Ancak plankton yoğunluğu arttığında vatozlar sıralanır, uzun beslenme zincirleri oluşturur ve kaçan her lokma sonraki vatoz tarafından yutulur. Plankton seviyeleri körfezde yükselince Siklon beslenme denilen bir hâle girip birbirlerine çok yakın yüzerler. Sıkı düzende dönen bu çok basamaklı vatoz topluluğu, kendi girdabını oluşturur, bu planktonları büyük ağızlarına çekerler. Yüzlerce vatozun arasında dalmak gerçekten unutulmaz bir deneyim.
(Music)
(Müzik)
When I first photographed Hanifaru, the site enjoyed no protection and was threatened by development. And working with NGOs like the Manta Trust, my images eventually helped Hanifaru become a marine-protected area.
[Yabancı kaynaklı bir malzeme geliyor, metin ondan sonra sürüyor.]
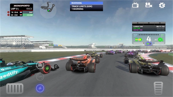 6、比赛开始后,将与21名赛车手同场竞技,左侧控制转向,右侧操作油门和刹车,如不习惯默认操作方式,可在设置中调整操控模式。
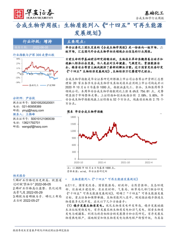 【华安证券】【20220605】20220605-华安证券-合成生物学周报:生物质能列入《“十四五”可再生能源发展规划》-18页

Now, fisherman from neighboring islands, they once hunted these manta rays to make traditional drums from their skins. Today, they are the most ardent conservation champions and manta rays earn the Maldivian economy in excess of 8 million dollars every single year.
Hanifaru'yu ilk fotoğrafladığımda bölgede koruma yoktu ve bölge gelişim tarafından tehdit ediliyordu. Manta Trust gibi STÖ'lerle işbirliği ile fotoğraflarım sonunda Hanifaru'nun koruma bölgesi olmasına yardım etti. Eskiden, komşu adalardan gelen balıkçılar derilerinden geleneksel davul yapmak için vatozları avlıyorlardı; bugün ise en çok onlar korumacılığı üstleniyor ve Maldiv ekonomisi vatozlar sayesinde her yıl 8 milyon dolar kazanıyor.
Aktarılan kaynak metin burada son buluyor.